What you will do.
Beginning with the first line below, retype exactly each line through the one containing "同日に掛け持ちして遊ぶゲーム". Leave out all pictures.

Stored data.
>>>>>

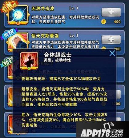 武道会是单挑王者的天堂,一个个看似普通的卡牌却在武道会的舞台上成为了黑马,瞬间满血的人造人20号,强大暴击单秒的孙悟空,套盾驱散额外伤害的比克等等都十分强大。更不用说老牌神卡的单挑能力,无敌高伤害的超贝,反伤回血的布偶,高暴击单秒能复活的沙鲁,都是武道会的霸主。而悟天克斯的降临,会很大程度威胁这些霸主的地位。首先来分析一下悟天克斯的特技,血量越少,攻击和减伤越高,而且血量低于50%变成超赛三,回复25%血量并增加攻防,也就是说如果无法对悟天克斯造成秒杀,就很容易被绝地反杀,残血翻盘。而悟天克斯本身的高成长,让他基础的血量和双防都很高,基本没有办法造成秒杀。而悟天克斯的绝招更是犀利,单体降怒或者减攻击,都能给对方的输出和开大时机进行有效限制,并且对tank造成额外60%伤害,堪称打肉利器,必杀更不用多说,稳定的控制,禁怒或者沉默,强行不给对面机会,并且必杀能回复自身怒气,很容易在武道会中开出第二个大招,造成持续压制。
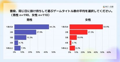 同日に掛け持ちして遊ぶゲームタイトルの数は、男女別の調査では、1本のみの回答に若干の差があるものの、全体的にほぼ回答に差がない結果となりました。
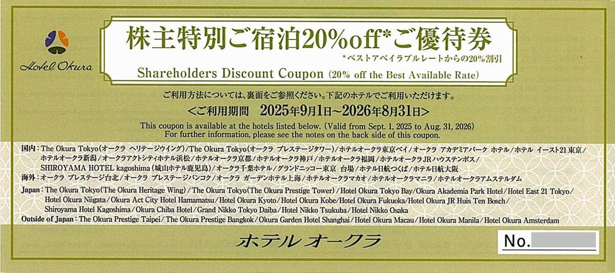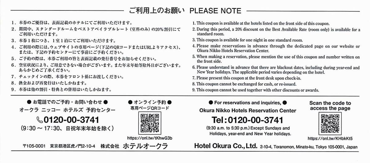 有効期間は「2026年8月31日」までです。 本券1枚につき、1室1泊のご宿泊がベストアベイラブルレートから20%割引になります。 ご利用の際は、専用ウェブサイトや予約センターにて事前のご予約が必要です。 ※詳細につきましては、画像をご覧ください。 |
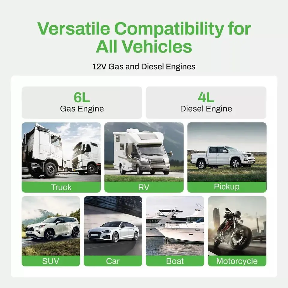 ·Ideal for cars, trucks, motorcycles, and more, making it a reliable car battery charger jump starter.

<<<<<

Answer to this problem.
 武道会是单挑王者的天堂,一个个看似普通的卡牌却在武道会的舞台上成为了黑马,瞬间满血的人造人20号,强大暴击单秒的孙悟空,套盾驱散额外伤害的比克等等都十分强大。更不用说老牌神卡的单挑能力,无敌高伤害的超贝,反伤回血的布偶,高暴击单秒能复活的沙鲁,都是武道会的霸主。而悟天克斯的降临,会很大程度威胁这些霸主的地位。首先来分析一下悟天克斯的特技,血量越少,攻击和减伤越高,而且血量低于50%变成超赛三,回复25%血量并增加攻防,也就是说如果无法对悟天克斯造成秒杀,就很容易被绝地反杀,残血翻盘。而悟天克斯本身的高成长,让他基础的血量和双防都很高,基本没有办法造成秒杀。而悟天克斯的绝招更是犀利,单体降怒或者减攻击,都能给对方的输出和开大时机进行有效限制,并且对tank造成额外60%伤害,堪称打肉利器,必杀更不用多说,稳定的控制,禁怒或者沉默,强行不给对面机会,并且必杀能回复自身怒气,很容易在武道会中开出第二个大招,造成持续压制。
 同日に掛け持ちして遊ぶゲームタイトルの数は、男女別の調査では、1本のみの回答に若干の差があるものの、全体的にほぼ回答に差がない結果となりました。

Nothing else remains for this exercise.